Des prix qui dépassent l'entendement que nous avons pu constater sur place avec par exemple une 307 de 2003 dont le propriétaire assure qu'on lui a proposé 110 millions de centimes. «Je suis vendeur à
115 millions. C'est un véhicule propre qui a peu roulé (140000 km, «officiellement»), nous lance-t-il, sans aucune gêne. Il y a aussi cette Hyundai Accent de 2013 que son propriétaire voulait vendre à 150 millions de centimes alors qu'elle a roulé plus de 200000 km. On a aussi vu une Seat Ibiza de 2016 proposée à 190 millions de centimes et une Polo de la même année à 200 millions.
Des prix qui donnent le tournis...
Il y avait une Skoda Rapid 2019 qui avait l'air plus ou moins «potable», par rapport aux autres. Elle était proposée à 245 millions avec son KIT GPL. Mais à bien voir, elle a roulé plus de 150000 km en 2 ans et elle avait subi quelques chocs. «Ce n'est plus le marché de l'automobile de Tidjelabine mais l'annexe d'Oued Kniss», dénonce un acheteur déçu par sa matinée. «Ils se basent sur les prix que certains plaisantins leur proposent par téléphone, sans avoir vu le véhicule», précise-t-il avec dépit. Comme lui, beaucoup ont dénoncé la spéculation des dernières semaines sur le marché de l'automobile de l'occasion à la faveur de l'arrêt des importations et la fermeture de ce marché. Ils espéraient voir une petite baisse des prix, mais il n'en était rien. Ils sont presque tous rentrés bredouilles.

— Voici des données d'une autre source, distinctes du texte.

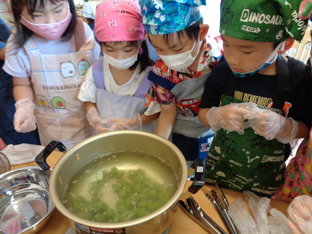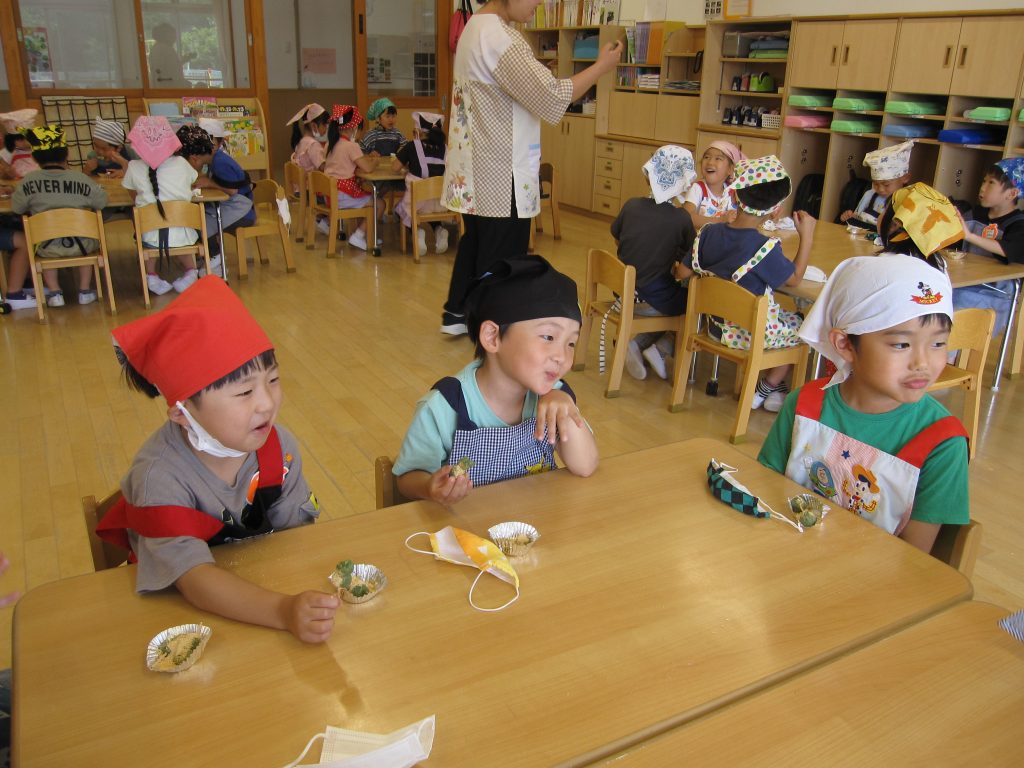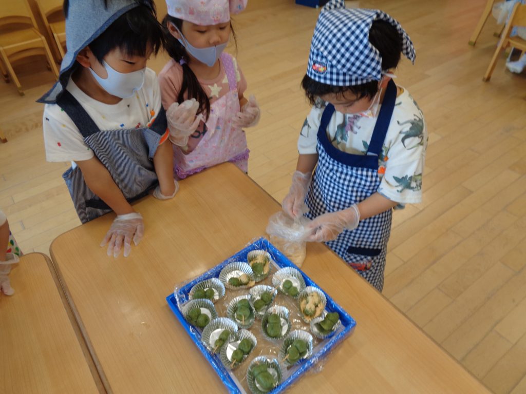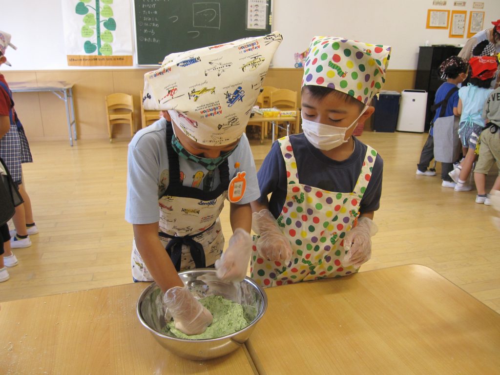 草団子を作りました。 2021 6/03 ニュース ”よもぎ”は、お散歩で積みレンジでチンして冷凍保存をしておきました。ミキサーでペースト状にしてクッキング開始です。まずは、エプロン披露からスタートし、こねて丸めて食するまでワクワクの作業が続きました。 鍋底から離れプカリプカリ浮き上がるのを待ちます。 仕上げは、きな粉をまぶします。 「いただきます」「おいし〜い!」 ニュース URLをコピーしました! 交通安全教室に参加 うさぎ組(2歳児)と”みつばち”のお友達 コメント コメントする コメントをキャンセルコメント ※ 名前 ※ メール ※ サイト 次回のコメントで使用するためブラウザーに自分の名前、メールアドレス、サイトを保存する。 上に表示された文字を入力してください。 Δ
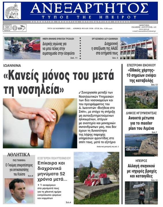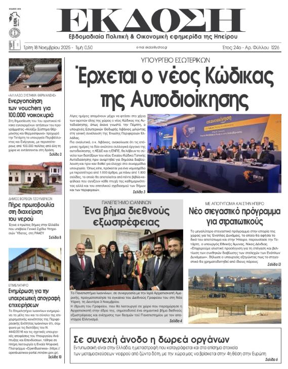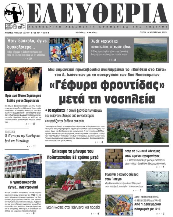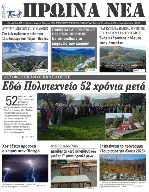 ΑρχικήTOP STORIES TOP STORIESΗΠΕΙΡΟΣ Τα πρωτοσέλιδα των γιαννιώτικων εφημερίδων 18.11.2025 0 FacebookTwitterWhatsAppEmailΤυπώνωViber Διαβάστε στα πρωτοσέλιδα των γιαννιώτικων εφημερίδων Τρίτη 18 Νοεμβρίου 2025 TagsΓΙΑΝΝΙΩΤΙΚΕΣ ΕΦΗΜΕΡΙΔΕΣΠΡΩΤΟΣΕΛΙΔΑ FacebookTwitterWhatsAppEmailΤυπώνωViber Προηγούμενο άρθροΕΥΡΩΠΑΪΚΗ ΗΜΕΡΑ ΣΤΙΣ 17 ΝΟΕΜΒΡΙΟΥ -Μία δέσμευση για την Ισότητα των ΑμοιβώνΕπόμενο άρθρο“Βοήθεια στο Σπίτι” μετά τη νοσηλεία ΣΧΕΤΙΚΑ ΑΡΘΡΑ Τα πρωτοσέλιδα των γιαννιώτικων εφημερίδων ΗΠΕΙΡΟΣ 15.11.2025 Τα πρωτοσέλιδα των γιαννιώτικων εφημερίδων ΗΠΕΙΡΟΣ 14.11.2025 Τα πρωτοσέλιδα των γιαννιώτικων εφημερίδων ΗΠΕΙΡΟΣ 13.11.2025 Τα πρωτοσέλιδα των γιαννιώτικων εφημερίδων ΗΠΕΙΡΟΣ 12.11.2025 Τα πρωτοσέλιδα των γιαννιώτικων εφημερίδων ΗΠΕΙΡΟΣ 11.11.2025 Τα πρωτοσέλιδα των γιαννιώτικων εφημερίδων TOP STORIES 08.11.2025 ΣΤΗΝ ΙΔΙΑ ΚΑΤΗΓΟΡΙΑ Προσβάσεις – ντροπή στα σχολεία στο Τσιφλικόπουλο ΗΠΕΙΡΟΣ 18.11.2025 Βελτίωση και επέκταση οριζόντιας σήμανσης ΗΠΕΙΡΟΣ 18.11.2025 Πράσινο φως για την κατασκευή νέου Νηπιαγωγείου στα Γιάννενα ΗΠΕΙΡΟΣ 18.11.2025 250.000 ευρώ για νέες ψηφιακές υπηρεσίες στον Δήμο Ιωαννιτών ΗΠΕΙΡΟΣ 18.11.2025 875.000 ευρώ για την αναβάθμιση υποδομών στο Κουτσελιό ΗΠΕΙΡΟΣ 18.11.2025 ΕΜΥ: Επικίνδυνες βροχές σε Ιόνιο, Ήπειρο και Αιτωλοακαρνανία ΗΠΕΙΡΟΣ 18.11.2025 ΜΗ ΧΑΣΕΤΕ Προσβάσεις – ντροπή στα σχολεία στο Τσιφλικόπουλο 250.000 ευρώ για νέες ψηφιακές υπηρεσίες στον Δήμο Ιωαννιτών ΕΜΥ: Επικίνδυνες βροχές σε Ιόνιο, Ήπειρο και Αιτωλοακαρνανία Στο επίκεντρο ακρίβεια, στεγαστική πολιτική και ενεργειακές συμφωνίες «Πάγωσε» το σχέδιο, όχι τα προβλήματα ΔΗΜΟΦΙΛΗ Αυξημένο πρωτογενές πλεόνασμα εμφάνισε ο προϋπολογισμός στο τέλος Οκτωβρίου Ο ΟΗΕ ενέκρινε το σχέδιο Τραμπ για στρατιωτική δύναμη στη Γάζα Αποχρώσεις Αλλαγή σελίδας για τον ΠΑΣ με κάλεσμα για ψυχραιμία και ρεαλισμό Μπόνους συνταξιούχων – Πόση θα είναι η ετήσια αύξηση
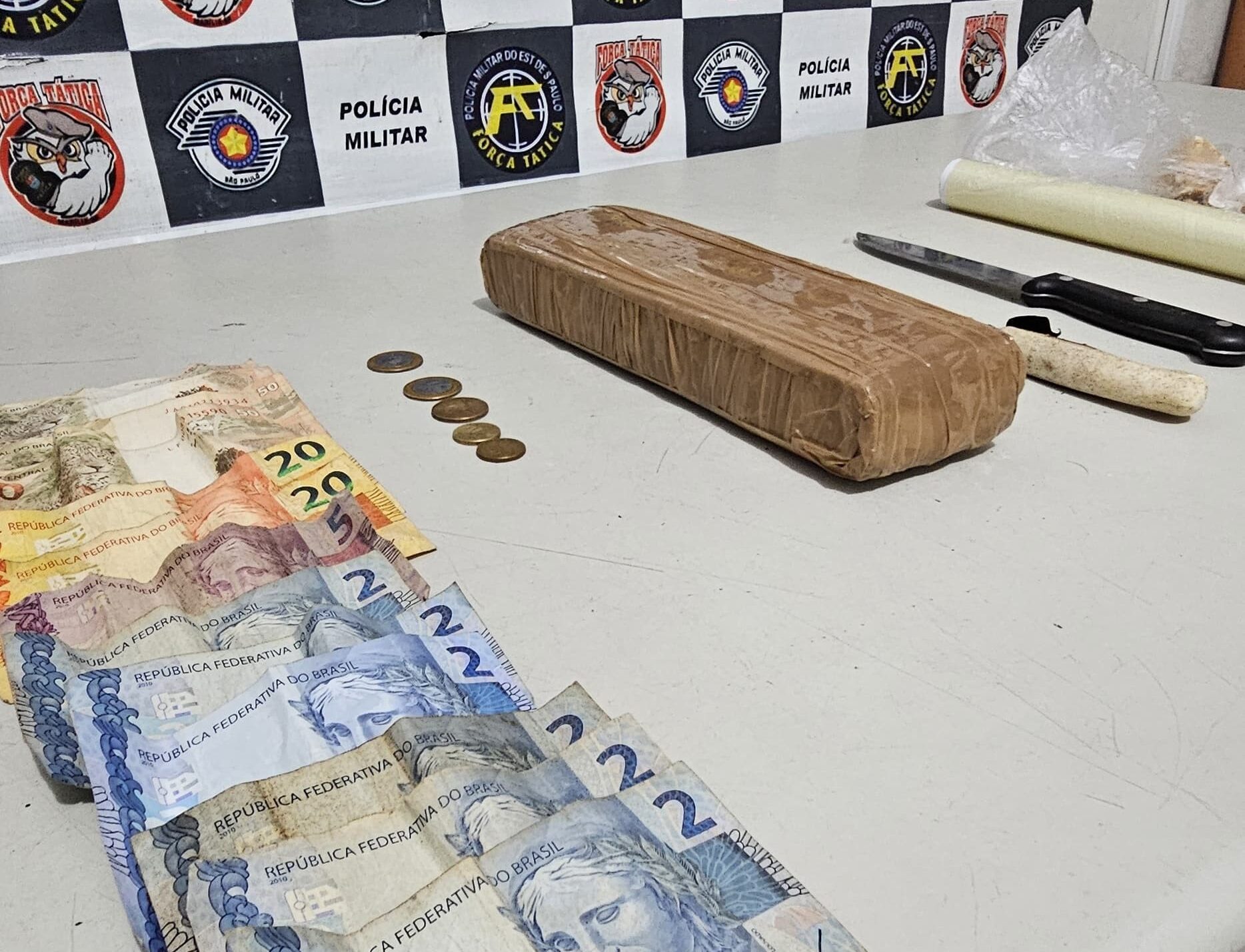 Encontraram também uma pedra de crack, dois celulares (um da marca Samsung e outro da Xiaomi), dois rolos de plástico filme, duas facas de cozinha, uma folha com anotações suspeitas e R$ 209,45 em trocados.
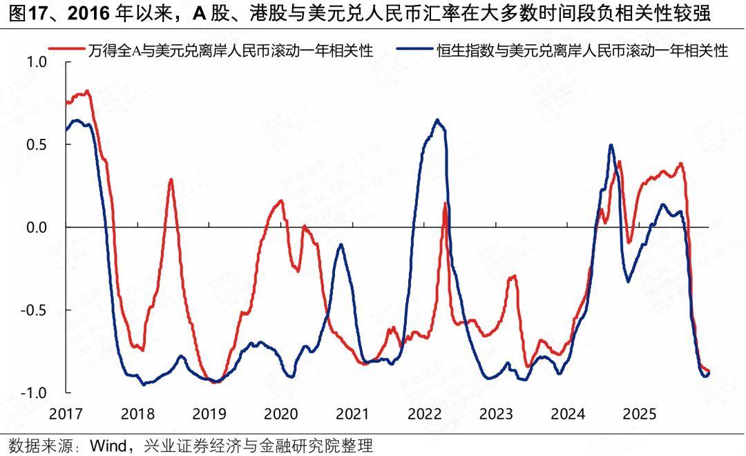 首先,从滚动一年相关性看,2016年以来A股、港股表现与美元兑人民币汇率在大多数时间段负相关性较强,即人民币升值阶段中国资产往往表现较好。汇率本质上是对国内外经济基本面相对强弱、资本流向等因素的共同定价结果,而这些因素对于汇率和股市的影响往往同向。
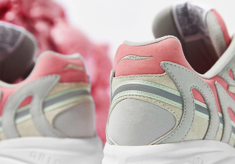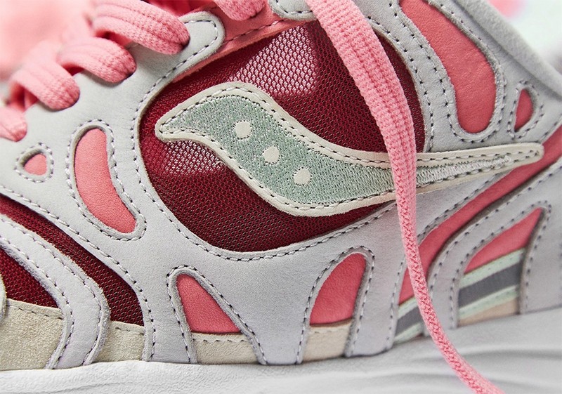 整双鞋以 Saucony Azura 2000 为蓝本,通体灰粉双色的鞋身,十分切合本次的联名主题 —— 大脑。
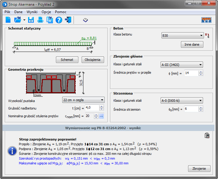 wersja: SA v5Program ten służy do obliczeń statyczno-wytrzymałościowych jednoprzęsłowych stropów Akermana zgodnie z normą żelbetową PN-B-03264:2002.

Les seuls qui ont réalisé «l'affaire» sont Aâmi Ali, le vendeur de sandwichs et son collègue qui vend les produits contre les cafards et les rats. Les Algériens sont donc allés à Tidjelabine, ils ont vu mais n'ont pas réalisé leur rêve...
Les règles d'hygiène et de distanciation sociale aux abonnés absents
«Le coronavirus n'existe plus à Tidjelabine!»
Le coronavirus a dû faire la fête au marché de voitures d'occasion de Tidjelabine. Une foule immense était au rendez-vous pour sa réouverture, mais pas les règles d'hygiène et de distanciation sociale. Elles étaient aux abonnés absents! Le masque était quasi inexistant.
Les rares personnes qui le portaient, l'avaient en dessous du nez. Ils ont même eu droit à des remarques concernant ce masque, en affirmant que le coronavirus n'existait plus, ils n'avaient donc plus besoin de le porter. Cela alors que les personnes présentes étaient presque collées les unes aux autres.
Un terrible laisser-aller qui pourrait être fatal, surtout que cela coïncide avec l'apparition du variant britannique de Covid-19. Attention au relâchement!